As of November 8, there have been 25 weather and climate disasters with losses exceeding $1 billion, according to the National Oceanic and Atmospheric Administration. That exceeds last year’s count — even without data from the last two months of the year.
In total, extreme weather events cost the US $150 billion per year, due to direct impacts such as infrastructure damage, worker injuries and agricultural losses, the authors of the report estimate. And the cost of extreme weather events is expected to grow in the near term with a projected rise in sea levels and temperatures, the report states.

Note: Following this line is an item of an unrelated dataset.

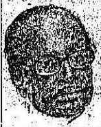
ಹೋಗುವುದಿಲ್ಲ. ಅವರು ಏನು ಹೇಳುತ್ತಾರೆ ನೋಡೋಣ, ಮರುದಿನ ನಾನು ಮಾತನಾಡುತ್ತೇನೆ."

ಮಂಗಳೂರು: "ಮಾಜಿ ಸಿಎಂ ಸಿದ್ದರಾಮಯ್ಯ ಕಾಂಗ್ರೆಸ್ ಪಕ್ಷವನ್ನು ಮುಗಿಸಿಯೇ ಹೋಗುತ್ತಾರೆ," ಎಂದು ಕಾಂಗ್ರೆಸ್ ಓರಿಯಂಟಲ್ ನಾಯಕ, ಕೇಂದ್ರ ಮಾಜಿ ಸಚಿವ ಜನಾರ್ದನ ಪೂಜಾರಿ ಹೇಳಿದರು. ಮಂಗಳವಾರ ಪ್ರತಿ ಕಾಂಗ್ರೆಸ್ಸಿಯರಲ್ಲಿ ಮಾತನಾಡಿ, "ಸಿದ್ದರಾಮಯ್ಯಗೆ ಹೆಚ್ಚು ಅಧಿಕಾರ ಕೊಡುವುದೇ ತಪ್ಪು. ನನ್ನ ಹೇಳಿಕೆಯ ಬಗ್ಗೆ ನನ್ನ ವಿರುದ್ಧ ಹೈಕಮಾಂಡ್‌ಗೆ ದೂರು ನೀಡಲಿ ಮತ್ತು ಪಕ್ಷದಿಂದ ತೆಗೆದು ಹಾಕಲಿ," ಎಂದು ಆಕ್ರೋಶ ವ್ಯಕ್ತಪಡಿಸಿದರು. "ಮಾಜಿ ಸಿಎಂ ಸಿದ್ದರಾಮಯ್ಯ ಬುಧವಾರ ಪ್ರಕಾಶಕೆ ಬಿಡುಗಡೆಗೆ ಮಂಗಳೂರಿಗೆ ಬರಲಿಲ್ಲ, ಕರೆದರೂ ನಾನು ಕಾರ್ಯಕ್ರಮಕ್ಕೆ ಹೋಗುವುದಿಲ್ಲ. ಅವರು ಏನು ಹೇಳುತ್ತಾರೆ ನೋಡೋಣ, ಮರುದಿನ ನಾನು ಮಾತನಾಡುತ್ತೇನೆ," ಎಂದು ಪ್ರಶ್ನೆಯೊಂದಕ್ಕೆ ಪ್ರತಿಕ್ರಿಯಿಸಿದರು.

Included in this year’s tally are the devastating wildfires that took place in Hawaii over the summer. The damage from the wildfires, which took the lives of over 100 people and destroyed thousands of homes and businesses, cost $5.6 billion, according to an estimate from the National Centers for Environmental Information, a division of NOAA.
There are also important economic implications. For instance, the authors of the report cited separate research published in April by MIT’s Center for Real Estate, which found that property damage from hurricanes can result in higher mortgage delinquency rates as property owners become more financially stressed. The authors also cited research that found flooding and rising sea levels lower home prices and property values as more people relocate to areas that are less prone to flooding.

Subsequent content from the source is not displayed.